The money will go towards saving the Bourgard College of Music and Arts, which provided arts education for Black students in the late 1920s.

LOUISVILLE, Ky. — Built in the 1800s, a large red building sits vacant in the Russell Neighborhood. To a passerby, it might seem like just another building, but the history inside is rich with heritage. 

“As I did more research, I was realizing this was a place where there was a fight for equal rights," said Savannah Darr, Planning and Design Coordinator with the city of Louisville. 

Darr worked to gain the half-million-dollar grant from the National Parks Service to save the building after hearing its story. The building was purchased in 1927 by Caroline Bourgard who decided to open the Bourgard College of Music and Arts. 
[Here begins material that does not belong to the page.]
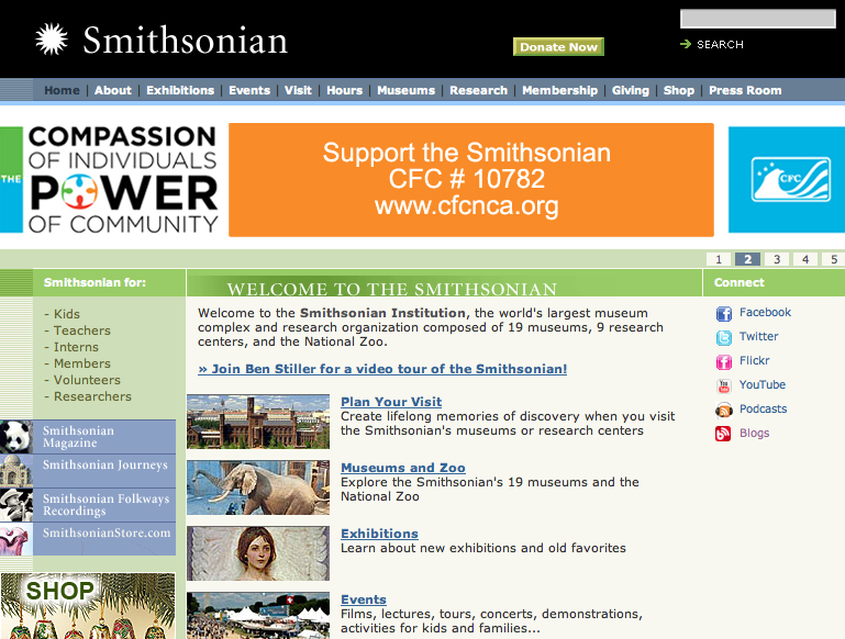 This Institution connects with its audience through its museums but also runs an extensive blog webpage supplementing educational mission. On the home page of the Smithsonian website there is a”connect” bar on the right side linking to their Facebook, Twiter, Flickr, Youtube, Podcasts and Blogs.

"It was education for African American students where they didn’t have any across the state. So I thought that’s an ideal place for a grant to support rehabilitating this structure.”

Now that the city has the money to save the building, the grant will fund a new roof, water treatment, and help replace what’s been stolen.
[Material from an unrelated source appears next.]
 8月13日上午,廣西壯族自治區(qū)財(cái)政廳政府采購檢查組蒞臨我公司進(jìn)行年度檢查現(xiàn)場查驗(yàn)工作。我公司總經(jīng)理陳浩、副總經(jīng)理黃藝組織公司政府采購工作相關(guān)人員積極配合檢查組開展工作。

“We’d love to be able to save some of the pianos, unfortunately, vagrants have gotten in here and taken parts of them," said Kevin (Porkchop) Manring, a building inspector with the city.

Credit: Jake Cannon, WHAS

"This is the sad part, I mean when we come in these houses, it gets a little overwhelming once in a while because you see where they’re taking different parts of the house.”

While the city works through the red tape of getting the actual on-hand cash from the grant, the team will work to sift through what's left of the building and decide what's worth saving.

“What we’re going to do is box up all the paperwork, because we’re finding letters from the 1940s, just a lot of different records that we think might be important so we don’t want to throw anything out," said Linette Huelsman, Real Estate Coordinator with the city of Louisville.

Credit: Jake Cannon, WHAS

“That $500,000 grant is a game-changer for us. I mean that’s going to speed things along. It’s not going to get us all the way there but it was just so exciting because it’s like now we want to make this a music school. That grant is going to make it happen and happen sooner," she said.